Tonight, as a break from my chemistry studies, I am reading Julia's Kitchen Wisdom by Julia Child. So far it seems like it would be a very useful book for me to keep around. It gives the basics for how to start a soup, how to make a stock, mayonnaise, dressings, how to roast meats, etc. I haven't made it past the dressings yet. These are all of the things I need to memorize. The basics are so important, yet I don't know them. That's the problem with following recipes all of the time. I've come to rely on someone else to tell me what to do, when it's time to do it, etc. That's not right for me in the kitchen, especially if I want to make it out of my own kitchen some day.
I'm not sure yet if I want to pursue a culinary career, but it's an option. All things are possible.
I have so much to learn.
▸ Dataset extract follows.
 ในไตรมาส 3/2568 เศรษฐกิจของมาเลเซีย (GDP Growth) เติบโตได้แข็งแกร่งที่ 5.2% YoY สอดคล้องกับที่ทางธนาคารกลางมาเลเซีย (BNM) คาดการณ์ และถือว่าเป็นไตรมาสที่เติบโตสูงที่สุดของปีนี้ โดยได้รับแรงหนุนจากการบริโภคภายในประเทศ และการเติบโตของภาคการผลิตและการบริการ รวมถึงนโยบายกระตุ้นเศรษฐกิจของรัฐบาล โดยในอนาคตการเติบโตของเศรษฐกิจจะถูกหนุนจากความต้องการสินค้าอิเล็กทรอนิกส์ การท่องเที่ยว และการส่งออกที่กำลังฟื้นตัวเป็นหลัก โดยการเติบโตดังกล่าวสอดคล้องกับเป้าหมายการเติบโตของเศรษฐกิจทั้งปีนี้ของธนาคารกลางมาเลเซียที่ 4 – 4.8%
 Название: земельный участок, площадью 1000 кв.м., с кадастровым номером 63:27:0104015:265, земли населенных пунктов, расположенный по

I don't even know how to properly handle leeks. I just rinse the outside and chop up the white parts into small pieces. They've never looked dirty to me, but everything I've read states that I need to cut them a certain way to rinse the dirt out from between the layers.
I don't really know how to dice versus chop, or julienne, or chiffonade. I want to go take classes to learn these things. I know that in culinary school they'd teach me the basics, but for now I need to learn what I can at home. Culinary school is a possibility, but not until next spring. I need to be 24 years old before I can start getting grants for school, and no I don't want loans hanging over my head for the rest of my life. I already owe the bf money for my education.
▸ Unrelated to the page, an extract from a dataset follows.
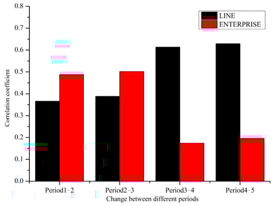 We studied the causes of the spatiotemporal changes in fire occurrence at the city scale. The seven predictors chosen by the models were not constant all the time and LINE and ENTERPRISE were the most important variables. Therefore, the changes in value of the grid cells of LINE and ENTERPRISE were calculated by subtraction from period 1 to period 2, etc., for all periods. The changes in value were standardized and thus a correlation coefficient between the change of variable and the change of fire density was obtained (Figure 14). As indicated in Figure 14, although ENTERPRISE is the most important variable in the GTWR model, the variable which influences the change in fire density temporally is varying. ENTERPRISE influences the change in fire density more than LINE prior to period 2, close to the year of 2005. LINE plays a more important role than ENTERPRISE after period 3, which can be probably explained by the expansion of the urban region and the changes in the shape of the city. An increasing number of buildings and infrastructure have been constructed in the newly built area, called the city sub-center, and a dense road network and related supporting facilities have been developed. The improvement in access by the population will indirectly contribute to the growth of fire occurrence. On the other hand, by implementing technology to control fire risk in enterprises, the frequency of fire is less than before. Moreover, with the increase in land costs in urban areas, an increasing number of enterprises have moved to the suburbs and as the population will also increase in these areas, more sub-centers of fire risk will develop.

I do worry that if I start working and get stuck in a job that I'll end up being 40 or more before I start thinking about culinary school again. That is just so sad a thought.
I am scared of culinary school. I'm scared of commercial kitchens. I'm scared of the way things operate, the stress, the frustration, the high energy. I like to cook slowly. I do wish I could chop an onion or carrot faster, but it feels like a great labor of love to do things slowly. I also get to listen to audio books or The Splendid Table while I am preparing the mise en place.
I love trying out new and exotic recipes, but only recently have I started making my own stock, and just last week I made my first beef stew from what I had lying around (I had to look up how to do that!).
I suppose I am being too hard on myself for not knowing these things. I've been having to study everything else for the last 3 years, and I only started to really enjoy cooking a year and a half ago.
Given time, energy, and some brain power I think I could do pretty well with cooking. My family is always telling me that they'd love to see me go to culinary school and/or start cooking professionally. They say that chefs make good money, and that I have the passion.
I may have the passion, but the basics and a lack of fear are what I'm missing.
Maybe writing here to you all will help me get them.